不貞行為をした本人だけでなく、その相手方(いわゆる浮気相手)も、原則として不法行為に基づく損害賠償義務を負います。この損害賠償のうち、精神的な苦痛に対する賠償を一般に「慰謝料」と呼んでいます。

現金手渡しも振込も法律上は有効な支払方法

不貞慰謝料は金銭の支払いによって解決する債務(金銭債務)です。そのため、合意した金額を相手に渡せば、支払い(弁済)としての効果が生じます。支払いの方法について法律上の制限はなく、現金を直接手渡す方法でも、銀行振込で送金する方法でも、いずれも有効です。

銀行振込の場合、相手の口座に着金した時点で支払いの効力が生じます(民法477条)。振込であれば、通帳の記載や振込控えなどの記録が自動的に残るため、後日支払いの有無について争いが生じにくいという特徴があります。

領収書がなくても支払いは有効では?

「実際にお金を渡したのだから、領収書がなくても問題ないだろう」と考える方がいます。確かに、法律上は現金を渡した時点で支払い(弁済)の効力は発生しています。しかし、ここで注意しなければならないのは、「支払いの効力が発生していること」と「支払いの事実を証明できること」は別の問題だということです。
仮に相手から「お金を受け取っていない」と主張された場合、支払った事実を証明する責任は支払った側にあります。領収書も振込記録もなければ、裁判になったとしても支払いの事実を立証することが困難になり、最悪の場合、もう一度同じ金額を支払う羽目になるおそれがあります。

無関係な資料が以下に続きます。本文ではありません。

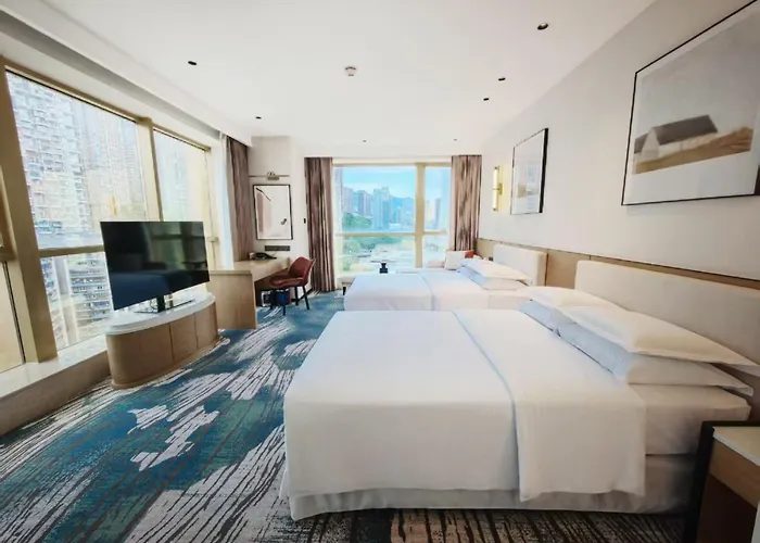 Situated just steps from a bar and a park, and 5 minutes by car from Hongya Cave Dawan Tea, the 5-star Sheraton Chongqing Hotel includes 371 rooms about a 20-minute stroll from The Ropeway Of Yangtze River. Guests of the 49-story hotel in Chongqing are invited to take a dip in a swimming pool and relax using a Jacuzzi, sauna facilities and an indoor pool.
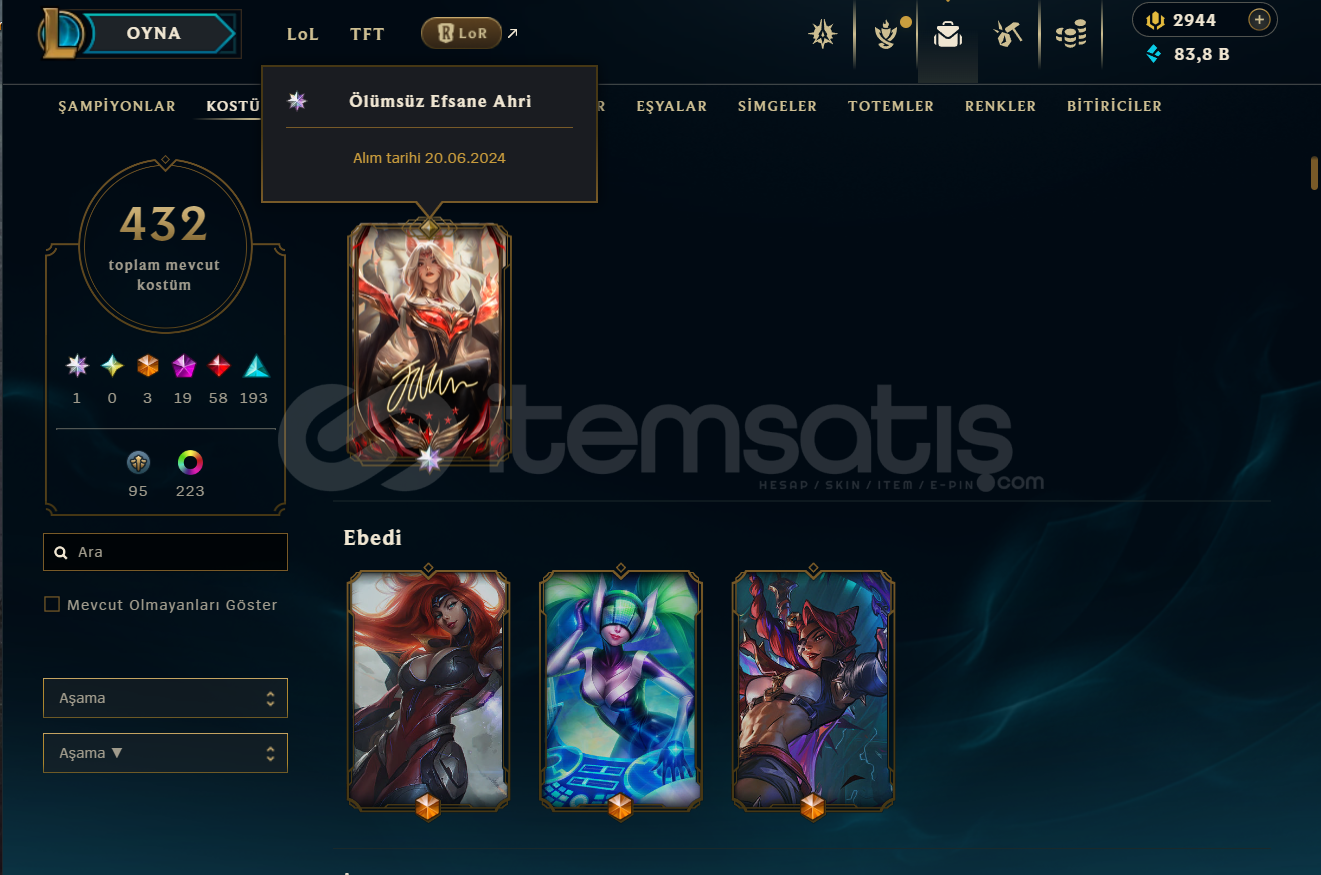 FAKER AHRİSİ BOL PRESTİJ 432 KOSTÜM 800LVL
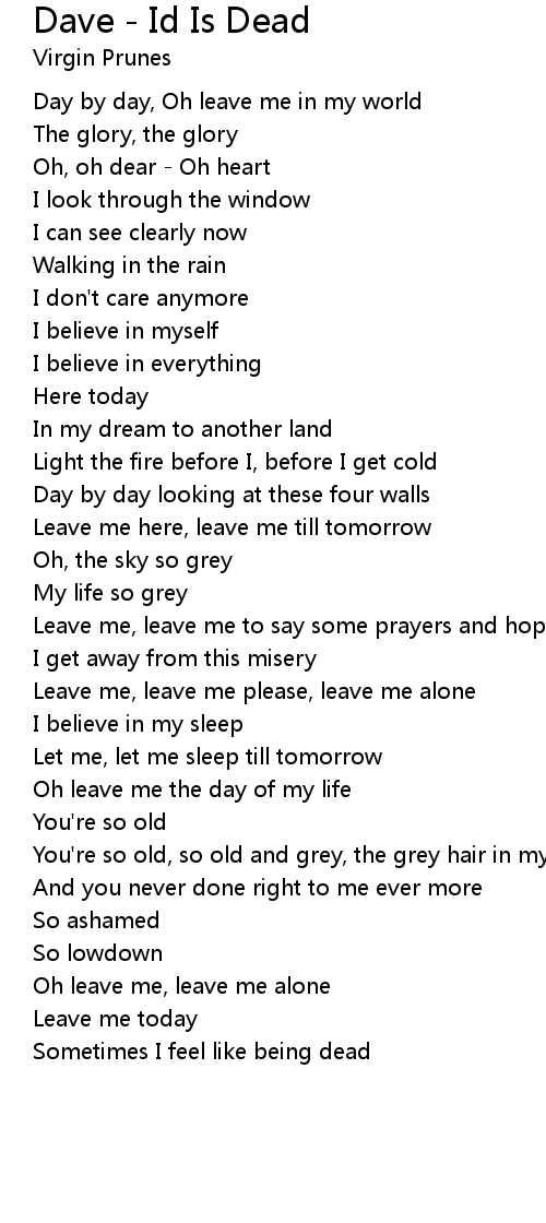 Oh leave me the day of my life |
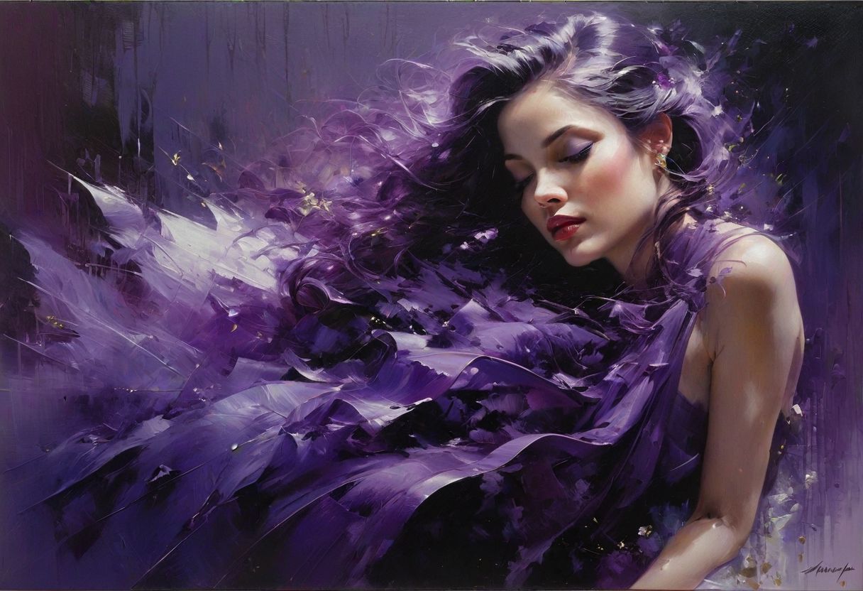 purple wolf, masterpiece, award wining, trending, , high quality, delicate, oil painting, by Jeremy Mann, Pino Daeni
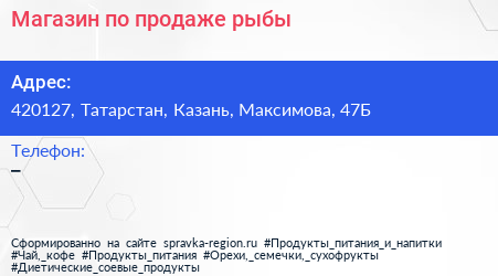 Магазин по продаже рыбы по адресу 420127, Татарстан, Казань, Максимова, 47Б в дальнейшем Организация, размещена в следующих категориях:

特に不貞慰謝料の事案は、当事者間の感情的な対立が激しいことが多く、一度合意が成立しても「やはり納得できない」として追加請求や蒸し返しが起きやすい類型です。そのため、支払いの証拠を確実に残しておくことは極めて重要といえます。

支払う側には領収書の交付を求める権利がある

民法486条1項は、弁済をする者は、弁済と引換えに受取証書(領収書)の交付を請求できると定めています。つまり、慰謝料を現金で支払う場合、支払う側には領収書を求める法律上の権利があります。
領収書の交付と現金の支払いは「同時履行」の関係にあります。これは、相手が領収書を出してくれないのであれば、支払いを拒んでも遅延(遅れ)にならないということを意味します。「領収書は後で送る」「領収書は不要だ」と言われたとしても、現金手渡しの場合は領収書を受け取るまで支払いを留保することが認められています。

示談書の清算条項が追加請求を防ぐ

慰謝料の支払いに際しては、金額や支払方法について合意した内容を「示談書」(合意書)として書面にまとめることが一般的です。示談書には「清算条項」と呼ばれる条項を設けることが重要です。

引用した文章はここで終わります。